Indeed a superficial perspective of the student uprising that began in Chile in 2011 might reinforce this prejudice. It is not the first time that students have risen up. In 2006, 6th form students protested against centre left President Michelle Bachelet’s rightwing policies on education. A couple of decades before that, in 1989, it was protests on the streets, in which young people played a key role, that hastened the end of the fascist dictatorship of Augusto Pinochet that had ruled Chile from 1973 to 1990.

The student uprising that began in 2011 is distinct from 1989 and 2006 both in terms of scope and intensity. The previous two protest movements were relatively narrow in their concern. In 1989, it was for the return of formal elections (significant in itself but no guarantee, as it proved, of a genuine democratic renewal). In 2006, it was for a fairer education system.

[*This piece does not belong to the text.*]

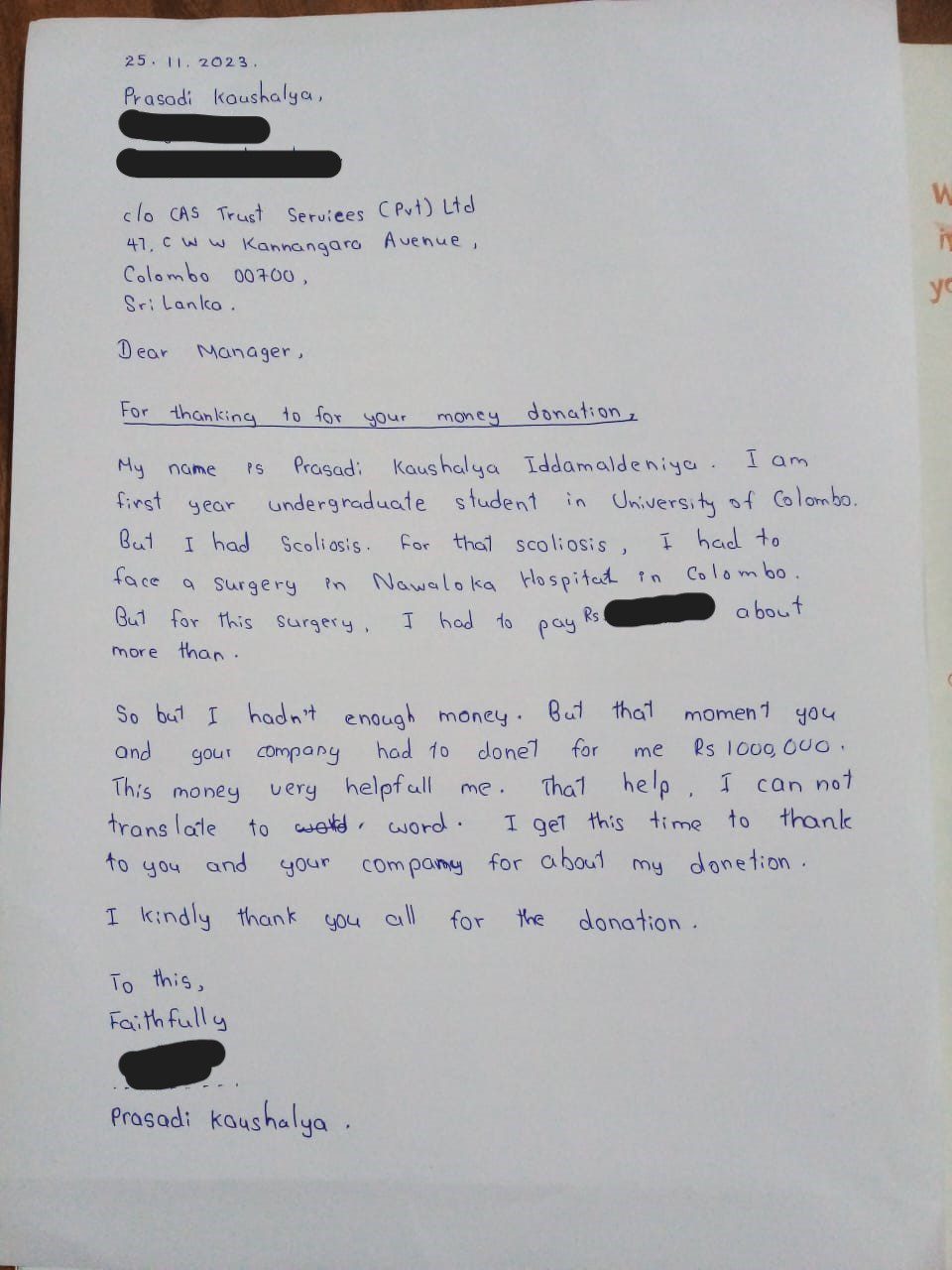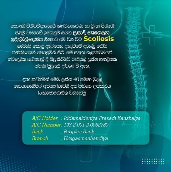 Prasadi Iddamaldeniya, a first-year undergraduate student was suffering from Severe Spinal Deformity-Scoliosis. The corrective surgery for severe spinal deformity was performed under the supervision of Dr. Vasantha Perera at Nawaloka Hospitals PLC and the trust contributed towards expenses for treatment.

The uprising in 2011 began as it had in 2006, but quickly expanded to become a more profound challenge to the business model that governs the whole of Chilean society; a model imposed by force by Pinochet, and preserved by subsequent (ostensibly) social democratic governments.

The depth of the concerns helps explain the intensity of the protests. Hundreds of thousands of people protested in Santiago and across Chile. The students’ message resonated with vast sectors of society who poured onto the streets in solidarity. The protests could even boast a general strike that lasted for two days in August 2011. The government’s reaction was as predictable as it was repressive. As many images as there are of students and ordinary people demonstrating peacefully, there are an equal number of images of the police using water canons and tear gas.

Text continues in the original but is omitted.